🔥 Day 3: RDDs - The Foundation of Spark

Published: 1 day ago (December 3, 2025 at 12:55 PM EST)

2 min read

Source: Dev.to

Source: Dev.to

Cover image for 🔥 Day 3: RDDs - The Foundation of Spark

What Exactly Is an RDD?

An RDD is a distributed collection of immutable data partitioned across the cluster.

Key properties

Immutable
Lazy evaluated
Distributed
Fault‑tolerant
Parallelized

RDDs were the first abstraction in Spark before DataFrames and Datasets existed.

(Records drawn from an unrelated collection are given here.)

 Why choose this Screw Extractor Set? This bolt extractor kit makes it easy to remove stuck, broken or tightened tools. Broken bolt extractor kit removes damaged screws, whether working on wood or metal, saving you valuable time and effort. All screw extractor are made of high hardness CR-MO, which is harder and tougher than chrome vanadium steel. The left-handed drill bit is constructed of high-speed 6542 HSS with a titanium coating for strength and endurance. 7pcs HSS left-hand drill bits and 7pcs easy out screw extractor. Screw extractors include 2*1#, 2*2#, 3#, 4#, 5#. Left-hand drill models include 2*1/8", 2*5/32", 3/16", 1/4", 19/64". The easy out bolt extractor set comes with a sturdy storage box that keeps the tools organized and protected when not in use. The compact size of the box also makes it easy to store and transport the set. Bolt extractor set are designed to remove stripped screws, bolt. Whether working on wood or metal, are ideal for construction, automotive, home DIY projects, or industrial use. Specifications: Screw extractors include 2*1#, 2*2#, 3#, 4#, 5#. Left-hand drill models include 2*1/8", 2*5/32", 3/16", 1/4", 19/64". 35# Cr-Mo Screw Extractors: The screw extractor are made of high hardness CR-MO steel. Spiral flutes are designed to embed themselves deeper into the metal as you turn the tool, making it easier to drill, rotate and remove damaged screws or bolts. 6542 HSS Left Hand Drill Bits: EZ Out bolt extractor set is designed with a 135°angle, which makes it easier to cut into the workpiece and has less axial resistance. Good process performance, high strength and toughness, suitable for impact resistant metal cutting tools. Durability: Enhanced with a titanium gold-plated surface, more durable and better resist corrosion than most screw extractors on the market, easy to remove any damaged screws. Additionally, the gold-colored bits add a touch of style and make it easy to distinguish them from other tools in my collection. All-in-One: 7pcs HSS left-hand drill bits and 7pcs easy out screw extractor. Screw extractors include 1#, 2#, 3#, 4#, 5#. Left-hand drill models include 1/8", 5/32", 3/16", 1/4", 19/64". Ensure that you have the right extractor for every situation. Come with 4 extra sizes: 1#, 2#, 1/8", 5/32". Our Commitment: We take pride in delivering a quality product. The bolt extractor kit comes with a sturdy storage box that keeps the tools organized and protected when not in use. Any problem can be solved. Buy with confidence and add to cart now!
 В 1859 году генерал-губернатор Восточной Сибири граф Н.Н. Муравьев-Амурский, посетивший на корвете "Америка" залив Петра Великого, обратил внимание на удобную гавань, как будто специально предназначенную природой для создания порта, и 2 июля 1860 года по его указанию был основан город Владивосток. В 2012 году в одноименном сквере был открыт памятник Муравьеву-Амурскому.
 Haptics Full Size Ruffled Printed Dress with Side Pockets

Why Should You Learn RDDs?

Even though DataFrames are recommended now, RDDs remain crucial for:

Understanding execution plans
Debugging shuffles
Improving partition strategies
Designing performance‑efficient pipelines
Handling non‑structured data

How to Create RDDs

From Python Lists

rdd = spark.sparkContext.parallelize([1, 2, 3, 4])

From File

rdd = spark.sparkContext.textFile("sales.txt")

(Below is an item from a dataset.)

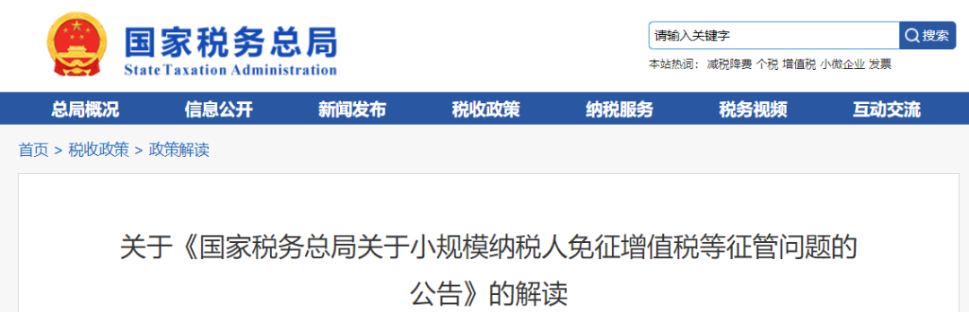 關(guān)于《國家稅務(wù)總局關(guān)于小規(guī)模納稅人免征增值稅等征管問題的公告》的解讀2022年3月5日,李克強(qiáng)總理在《政府工作報告》中明確提出“對小規(guī)模納稅人階段性免征增值稅”。3月24日,財政部、稅務(wù)總局制發(fā)《財政部?稅務(wù)總局關(guān)于對增值稅小規(guī)模納稅人免征增值稅的公告》(2022年第15號),為確保相關(guān)政策順利實施,稅務(wù)總局制發(fā)本公告,就相關(guān)征管問題進(jìn)行了明確。
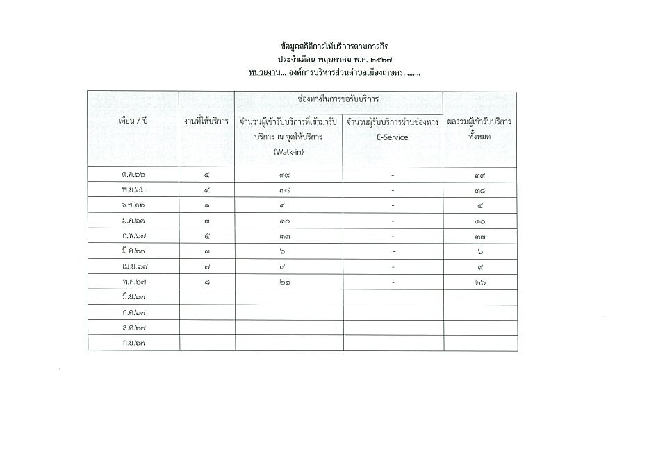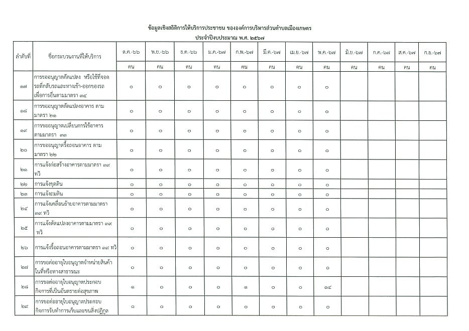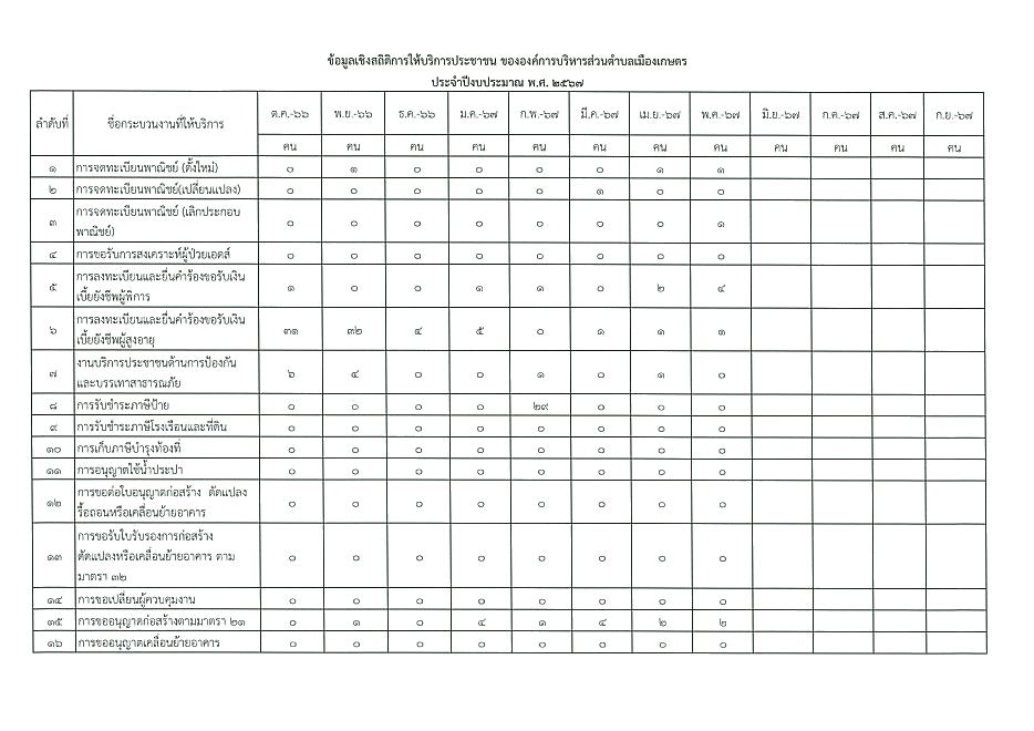 ข้ออมูลเชิงสถิติการให้บริการประชาชนของ อบต.เมืองเกษตร ประจำเดือน พฤษภาคม 2567

RDD Transformations (Lazy)

Transformations build the DAG. Common examples:

rdd.map(lambda x: x * 2)
rdd.filter(lambda x: x > 10)
rdd.flatMap(lambda x: x.split(","))

You can chain transformations; Spark will not execute anything until an action is called.

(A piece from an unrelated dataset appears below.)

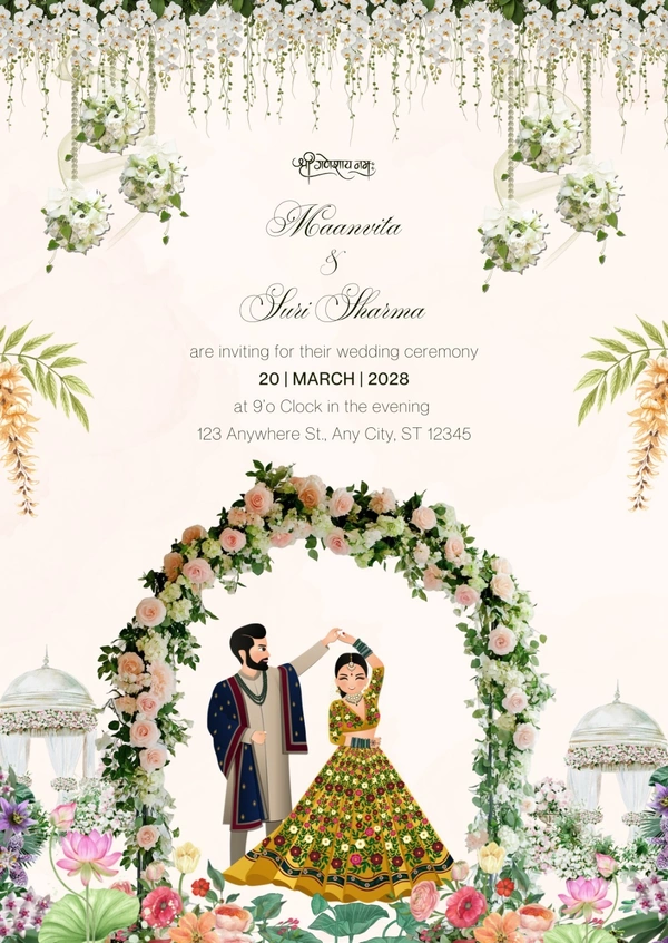 This invitation showcases a charming illustrated Indian couple dancing under a lush floral arch, symbolizing love, joy, and togetherness. Soft pastel tones, hanging white orchids, and classic floral arrangements create a serene and luxurious feel.

RDD Actions (Execute Plan)

Actions trigger job execution:

rdd.collect()
rdd.count()
rdd.take(5)
rdd.saveAsTextFile("output")

Narrow vs Wide Transformations

Narrow (No Shuffle)

Output partition depends only on one input partition – fast.

map
filter
union

Wide (Shuffle Required)

Output depends on multiple partitions – slower; creates a new stage.

groupByKey
join
reduceByKey

Shuffles are a major cause of slow Spark jobs.

RDD Lineage — Fault Tolerance in Action

Each RDD tracks how it was created.

rdd1 = rdd.map(...)
rdd2 = rdd1.filter(...)
rdd3 = rdd2.reduceByKey(...)

If a node dies, Spark reconstructs the lost data using this lineage information.

Persistence and Caching

When you reuse an RDD, persist it to avoid recomputation:

processed = rdd.map(...)
processed.persist()
processed.count()
processed.filter(...)

Spark will read from memory instead of recomputing the RDD.

Summary

What RDDs are
Why they matter
Transformations vs. actions
Narrow vs. wide transformations
Lineage for fault tolerance
Caching and persistence

These concepts form the foundation of Spark internals.